Бронепоезд медленно прошел мимо нас. Казалось, в нем не было ни души. Прошел, лязгнул колесами на стрелках и остановился у вокзала.

— Вставай! — скомандовал Андрей.

Мы быстро вскочили на ноги и опять побежали к станции. Перелезли через забор, крадучись прошли мимо больших погребов, прошмыгнули через сад. Наконец мы добрались до вокзала и забились в темный угол как раз напротив бронепоезда.

Публику с вокзала прогнали охранники. Офицеры ходили злые. У платформы бронепоезда шла непонятная возня. Все кричали. Больше всех горячился молодой, похожий на жужелицу, офицер с перевязанной головой.

— А где же командир? — шепотом спросил я у Андрея.

— Молчи. Я почем знаю!

С платформы и с башен солдаты стаскивали убитых и клали их на носилки. С командирского мостика они стащили чье-то тело и свалили его на носилки, как сваливают обыкновенно дорожные вещи. Сверху набросили шинель, а на нее положили плоский военный бинокль.

— Верно, это и есть командир, — сказал Андрей.

Глава XI

БОЕВОЙ ОТРЯД

На следующий день мы с Андреем пошли к тупику. С нами были Васька, Мишка, Гаврик и Ванька. Я и Васька тащили красноармейцу еду. Дорогой Васька отколупнул от большой краюхи хлеба подгорелую корочку и медленно жевал ее.

— Мы, по чести сказать, красные партизаны, — сказал Мишка Архоник. — Все у нас есть, только винтовок нет.

— Кнут есть, а лошадь будет, — позевывая ответил ему Андрей.

Весело прыгая по обломкам вагонов и обгоняя друг друга, мы добрались до кладовой и, оглядевшись по сторонам, полезли на чердак.

Красноармеец поджидал нас. Он стоял в дверях, опираясь на палку. Щетина у него еще больше выросла. Лица почти не было видно.

— Заходите, — сказал он, пропуская нас.

Мы гуськом пролезли в дверь и уселись на сене.

— А это кто с вами?- спросил красноармеец, показывая головой на Гаврика и Мишку.

— Свои, деповские, — сказал я.

— Ну, свои, так ладно.

Красноармеец, взяв у нас хлеб и сало, стал быстро и жадно есть.

— Ну, рассказывайте, ребята, что там на станции творится.

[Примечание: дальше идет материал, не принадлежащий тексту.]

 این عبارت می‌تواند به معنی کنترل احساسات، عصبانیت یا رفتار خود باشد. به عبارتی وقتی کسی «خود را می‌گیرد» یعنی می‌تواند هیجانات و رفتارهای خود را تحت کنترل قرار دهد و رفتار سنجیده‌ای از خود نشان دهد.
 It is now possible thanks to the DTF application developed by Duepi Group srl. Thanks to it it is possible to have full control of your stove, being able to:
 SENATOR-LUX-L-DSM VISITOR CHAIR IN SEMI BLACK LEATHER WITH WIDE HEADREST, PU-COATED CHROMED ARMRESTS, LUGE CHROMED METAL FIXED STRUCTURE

— Вчера прикокошили кадетский броневик, — сказал Иван Васильевич.

— Врет он, — перебил его Мишка. — Броневик цел. А вот командира ихнего прикокошили.

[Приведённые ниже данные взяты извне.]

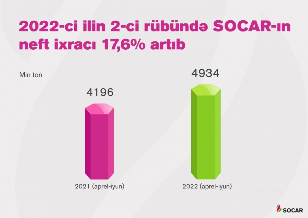 Hesabat dövründə SOCAR tərəfindən dünya bazarına 4,9 milyon tondan6 çox xam neft, Gürcüstan bazarına isə 144 milyon kubmetrə7 yaxın təbii qaz ixrac olunub. Ümumilikdə isə ölkə üzrə qaz ixracı 36% artımla təqribən 5,5 milyard kubmetrə8 yüksəlib. SOCAR-ın dünya bazarına ixrac etdiyi neftin həcmi ötən ilin analoji dövrü ilə müqayisədə 17,6%, Gürcüstana ixrac etdiyi qaz həcmləri isə 48,1% artıb. Qeyd edək ki, SOCAR öz imkanları ilə hasil etdiyi neftdən əlavə beynəlxalq konsorsiumlar çərçivəsində SOCAR və Azərbaycanın payına düşən neft həcmlərini də ixrac edir.

— Я и говорю, что командира, а ты не заскакивай.

— Так ты так и говори, а не ври.

Красноармеец рассматривал нас, прищурив глаза, и уминал хлеб с салом.

— Слушай, товарищ красноармеец, — выпалил вдруг Васька и стащил с головы лохматую казачью шапку. — Может, ты к нам пойдешь жить? У нас хорошо, к нам никто не ходит.